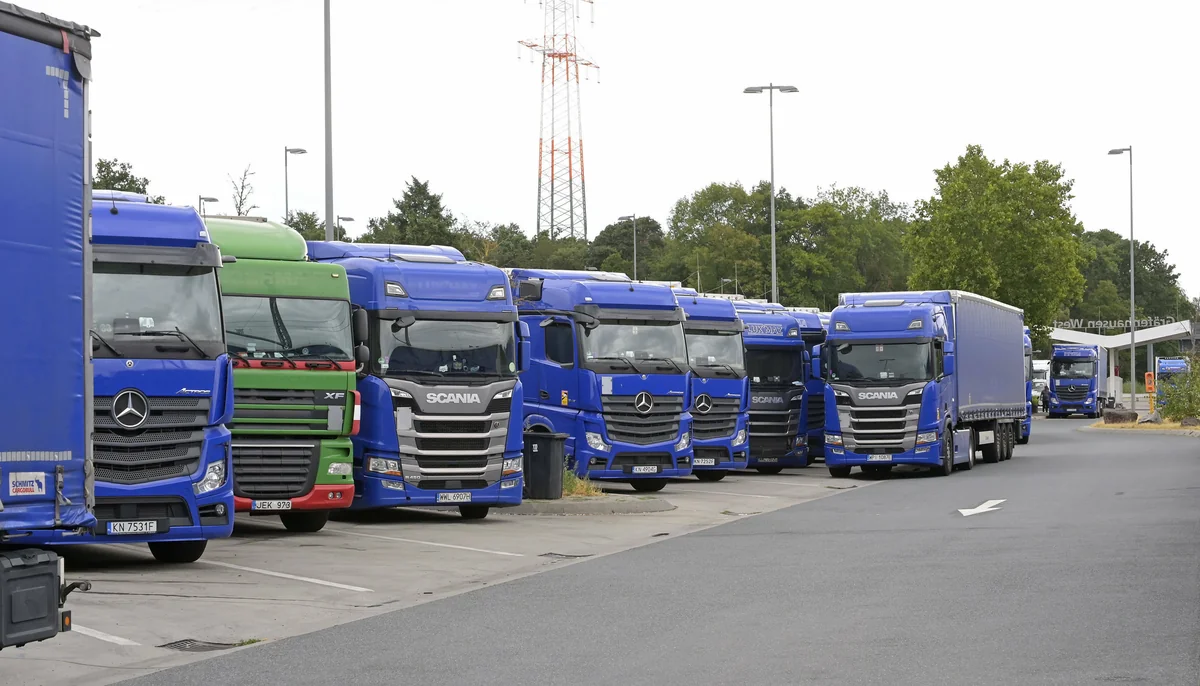 Stoßstange an Stoßstange, dreireihig geparkt, damit möglichst viele Platz finden. Auf der Autobahnraststätte Gräfenhausen-West an der A 5 zwischen Frankfurt am Main und Darmstadt steht derzeit ein blauer Lkw neben dem anderen. In den vergangenen zwei Wochen sind immer mehr hinzugekommen. Etwa 90 Wagen stehen mittlerweile auf dem Parkplatz, schätzt die Polizei. Gegenüber, in Gräfenhausen-Ost, sind es noch einmal etwa 50. Warum die Lkws hier stehen? Das kann jeder lesen, der von der Tankstelle zum Parkplatz will. Metergroß prangt da mit Klebeband geschrieben auf einem der Wagen: „Mazur Debtor. No money.“ Zu Deutsch: „Schuldner Mazur. Kein Geld.“
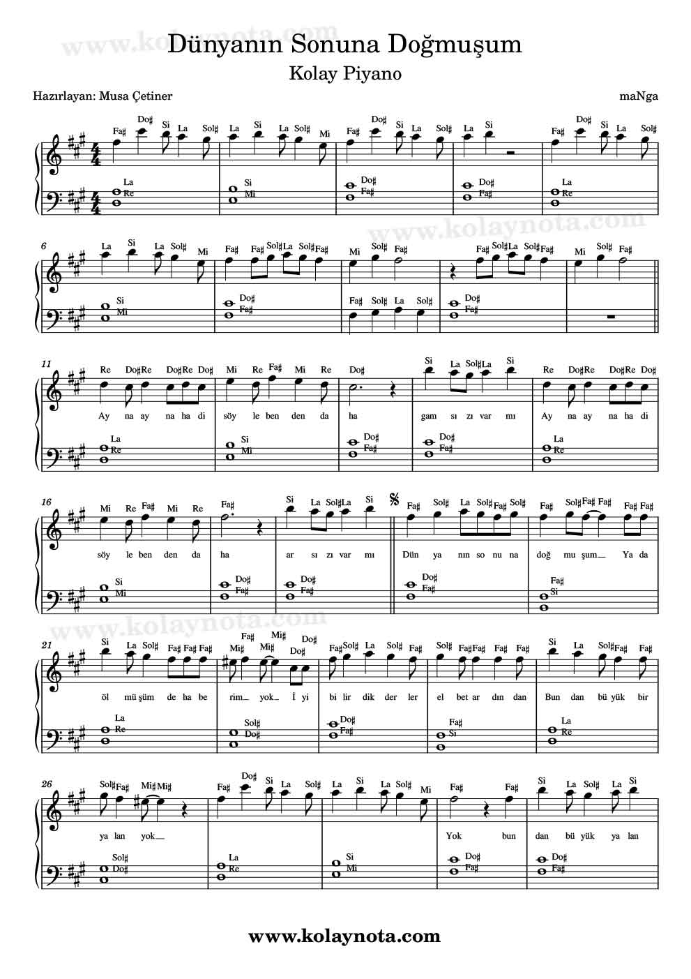 Dünyanın Sonuna Doğmuşum; maNga grubunun bir şarkısı. Grubun 2009 yılında çıkan “Şehr-i Hüzün” albümünde yer almış. Fa# minör tonunda bir şarkı. Aynı tonda notaya aldım. Şimdilik sadece piyano notasını hazırladım. Fakat melodiyi her çalgıda çalabilirsiniz.
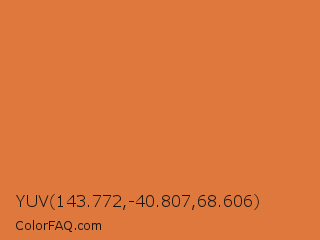 YUV 143.772,-40.807,68.606 Color is a normal orange color and the nearest color is Red Damask #da6a41. Hex code #de783d and RGB value is rgb(222,120,61). In RGB color space, this color is composed of 87% red, 47% green, 24% blue, In CMYK color space, this color is composed of 0% cyan, 46% magenta, 73% yellow , 13% black , In HSL color space, this color has a hue angle of 22° , 71% saturation and 55% lightness.
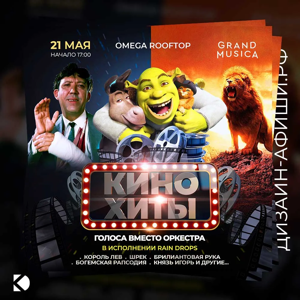 Разработать афишу для акапелла-шоу с программой кинохитов.
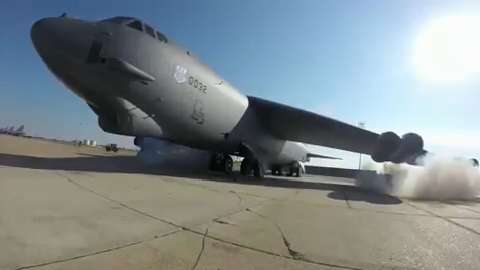 B-52 aircrews perform a minimum interval takeoff (MITO) at Barksdale Air Force Base. A MITO is designed by the United
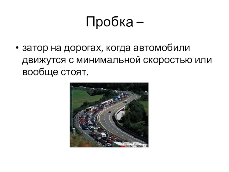 Пробка – затор на дорогах, когда автомобили движутся с минимальной скоростью или вообще стоят.
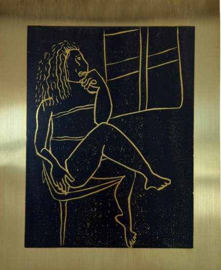 Live 20-minute model poses hand carved into pieces of linoleum. The linoleum was then inked up with printers ink and then relief printed, run through a large press, and printed onto metal.
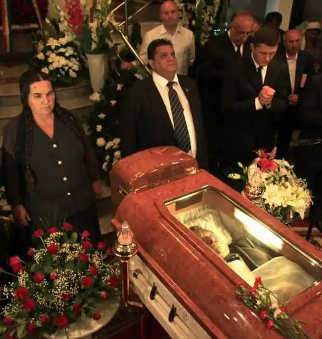 Флориана Чиоабу, скончавшегося от сердечного приступа, похоронили по-королевски в деревянном гробу (из элитных пород дерева) с предусмотренным стеклянным окном, системой кондиционирования и подсветкой.
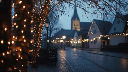 A picturesque street adorned with twinkling Christmas lights creates a magical atmosphere. The blend of vibrant colors enhances the festive spirit during a winter evening.
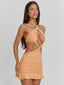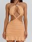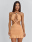Crafted from stretch jersey, the Livai Mini Dress in peach features a halterneck design with braided detailing across the neckline, waist and hem.

━━━━━━━━━━━━━━━━━━━━━━━━━━━━━━

● **Try it**
A picture-free version of all the records, repeated exactly, is what to return.

● **Your response**
 Stoßstange an Stoßstange, dreireihig geparkt, damit möglichst viele Platz finden. Auf der Autobahnraststätte Gräfenhausen-West an der A 5 zwischen Frankfurt am Main und Darmstadt steht derzeit ein blauer Lkw neben dem anderen. In den vergangenen zwei Wochen sind immer mehr hinzugekommen. Etwa 90 Wagen stehen mittlerweile auf dem Parkplatz, schätzt die Polizei. Gegenüber, in Gräfenhausen-Ost, sind es noch einmal etwa 50. Warum die Lkws hier stehen? Das kann jeder lesen, der von der Tankstelle zum Parkplatz will. Metergroß prangt da mit Klebeband geschrieben auf einem der Wagen: „Mazur Debtor. No money.“ Zu Deutsch: „Schuldner Mazur. Kein Geld.“
 Dünyanın Sonuna Doğmuşum; maNga grubunun bir şarkısı. Grubun 2009 yılında çıkan “Şehr-i Hüzün” albümünde yer almış. Fa# minör tonunda bir şarkı. Aynı tonda notaya aldım. Şimdilik sadece piyano notasını hazırladım. Fakat melodiyi her çalgıda çalabilirsiniz.
 YUV 143.772,-40.807,68.606 Color is a normal orange color and the nearest color is Red Damask #da6a41. Hex code #de783d and RGB value is rgb(222,120,61). In RGB color space, this color is composed of 87% red, 47% green, 24% blue, In CMYK color space, this color is composed of 0% cyan, 46% magenta, 73% yellow , 13% black , In HSL color space, this color has a hue angle of 22° , 71% saturation and 55% lightness.
 Разработать афишу для акапелла-шоу с программой кинохитов.
 B-52 aircrews perform a minimum interval takeoff (MITO) at Barksdale Air Force Base. A MITO is designed by the United
 Пробка – затор на дорогах, когда автомобили движутся с минимальной скоростью или вообще стоят.
 Live 20-minute model poses hand carved into pieces of linoleum. The linoleum was then inked up with printers ink and then relief printed, run through a large press, and printed onto metal.
 Флориана Чиоабу, скончавшегося от сердечного приступа, похоронили по-королевски в деревянном гробу (из элитных пород дерева) с предусмотренным стеклянным окном, системой кондиционирования и подсветкой.
 A picturesque street adorned with twinkling Christmas lights creates a magical atmosphere. The blend of vibrant colors enhances the festive spirit during a winter evening.
Crafted from stretch jersey, the Livai Mini Dress in peach features a halterneck design with braided detailing across the neckline, waist and hem.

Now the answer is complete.